§ **To do**: From the entries below, print exactly the span beginning with the line holding "1940年,百团大战中,八路" and ending with the line holding "BABYDOLLのジップアッ", endpoints included, and skip any pictures.

Material for this task Start Marker

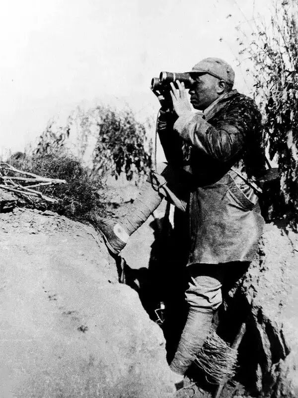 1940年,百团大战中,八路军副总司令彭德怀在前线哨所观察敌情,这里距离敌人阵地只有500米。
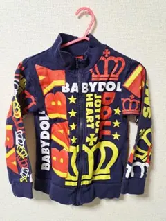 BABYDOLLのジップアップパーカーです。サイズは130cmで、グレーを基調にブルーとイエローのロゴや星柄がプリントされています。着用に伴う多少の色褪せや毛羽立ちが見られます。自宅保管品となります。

Material for this task End Marker
Material for this task Start Marker

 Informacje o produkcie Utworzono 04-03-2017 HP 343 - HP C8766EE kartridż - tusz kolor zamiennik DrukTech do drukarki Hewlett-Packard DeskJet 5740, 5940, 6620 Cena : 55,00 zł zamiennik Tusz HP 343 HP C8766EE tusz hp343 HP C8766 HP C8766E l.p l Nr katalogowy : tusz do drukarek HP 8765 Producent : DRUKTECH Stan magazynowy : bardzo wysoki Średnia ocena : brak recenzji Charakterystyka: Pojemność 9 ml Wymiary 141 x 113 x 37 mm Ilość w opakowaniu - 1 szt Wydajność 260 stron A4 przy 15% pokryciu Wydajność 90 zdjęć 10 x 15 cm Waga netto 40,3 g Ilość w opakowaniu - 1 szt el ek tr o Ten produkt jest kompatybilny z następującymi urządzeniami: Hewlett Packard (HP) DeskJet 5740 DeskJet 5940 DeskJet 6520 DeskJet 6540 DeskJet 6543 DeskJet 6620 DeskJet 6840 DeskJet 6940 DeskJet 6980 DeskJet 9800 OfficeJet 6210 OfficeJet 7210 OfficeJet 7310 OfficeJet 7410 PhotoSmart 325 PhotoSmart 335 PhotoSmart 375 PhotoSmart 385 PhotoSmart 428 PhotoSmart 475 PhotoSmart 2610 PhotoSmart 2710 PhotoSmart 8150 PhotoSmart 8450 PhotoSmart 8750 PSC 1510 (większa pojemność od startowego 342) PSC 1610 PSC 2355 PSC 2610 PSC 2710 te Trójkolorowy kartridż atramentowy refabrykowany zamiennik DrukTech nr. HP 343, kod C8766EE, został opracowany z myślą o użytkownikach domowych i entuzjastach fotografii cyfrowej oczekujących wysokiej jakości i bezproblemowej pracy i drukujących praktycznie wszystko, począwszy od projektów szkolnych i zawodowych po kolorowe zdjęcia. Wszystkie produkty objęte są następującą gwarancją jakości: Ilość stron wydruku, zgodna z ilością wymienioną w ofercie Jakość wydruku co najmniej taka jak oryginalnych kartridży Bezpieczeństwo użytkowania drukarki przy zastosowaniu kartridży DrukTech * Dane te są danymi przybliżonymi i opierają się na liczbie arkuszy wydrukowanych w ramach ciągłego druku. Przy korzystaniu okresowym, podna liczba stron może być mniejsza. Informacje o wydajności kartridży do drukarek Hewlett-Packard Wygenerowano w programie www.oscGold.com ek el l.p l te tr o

Material for this task End Marker

§ **Task solution**:
 1940年,百团大战中,八路军副总司令彭德怀在前线哨所观察敌情,这里距离敌人阵地只有500米。
 BABYDOLLのジップアップパーカーです。サイズは130cmで、グレーを基調にブルーとイエローのロゴや星柄がプリントされています。着用に伴う多少の色褪せや毛羽立ちが見られます。自宅保管品となります。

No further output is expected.